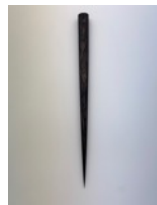
'artificial landscape #16', 2021 hand carved timber/Totara and its char height 1270mm $3,600
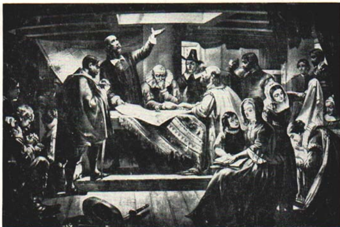
The first American colonists brought the seeds of democracy with them. This painting depicts the adoption of the Mayflower Compact in 1620.
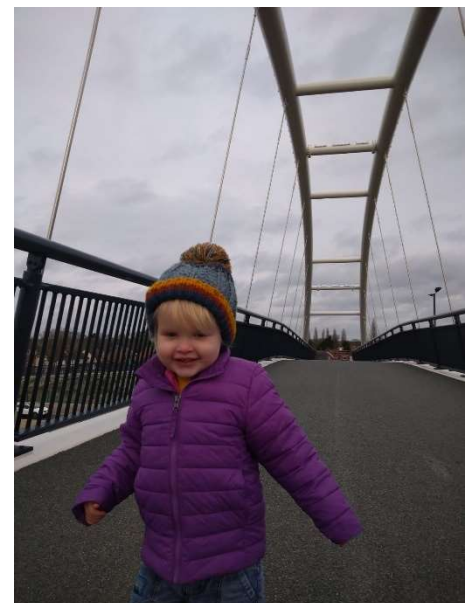
Dora tried out the new bridge over the A52
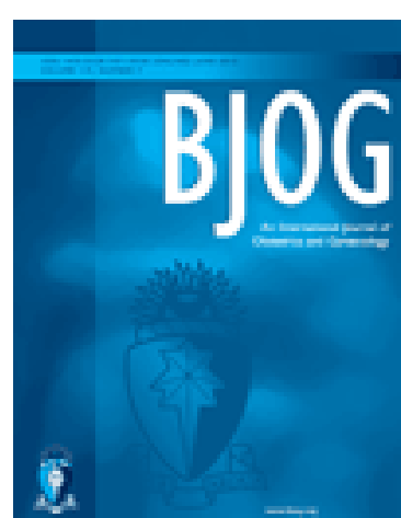
British J. of Obs. & Gynae.
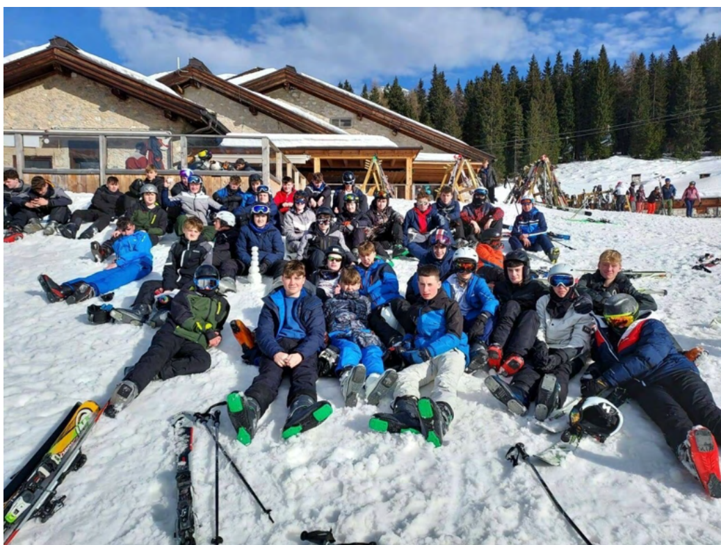
Fantastic trips this year for our students - TY and 5th Year Students went to Paris and our annual Ski Trip went to Italy this year (twice!)
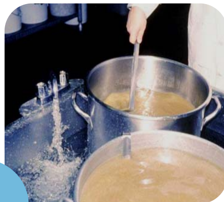
1 Ice Bath
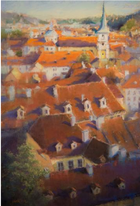
The Maze Of The Rooftops

6) "The Maze Of The Rooftops" won "Outstanding Pastel" award at the online BoldBrush Painting Contest.
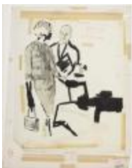
Overlay Featuring Women's Ensemble with Decorative Bands of Trim (KA008601_OSxxx7_f03_01)
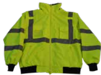
ANSI Class 3 Waterproof Winter Jackets
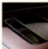
The power windows include an electric sliding glass panel with a sunshade (available on Series II.)
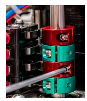
Fig 4 - CW EOT Cam adjustment

******************************

What is needed is every record above, returned exactly, with the pictures omitted.

• **Response to the exercise**
'artificial landscape #16', 2021 hand carved timber/Totara and its char height 1270mm $3,600
The first American colonists brought the seeds of democracy with them. This painting depicts the adoption of the Mayflower Compact in 1620.
Dora tried out the new bridge over the A52
British J. of Obs. & Gynae.
Fantastic trips this year for our students - TY and 5th Year Students went to Paris and our annual Ski Trip went to Italy this year (twice!)
1 Ice Bath
The Maze Of The Rooftops

6) "The Maze Of The Rooftops" won "Outstanding Pastel" award at the online BoldBrush Painting Contest.
Overlay Featuring Women's Ensemble with Decorative Bands of Trim (KA008601_OSxxx7_f03_01)
ANSI Class 3 Waterproof Winter Jackets
The power windows include an electric sliding glass panel with a sunshade (available on Series II.)
Fig 4 - CW EOT Cam adjustment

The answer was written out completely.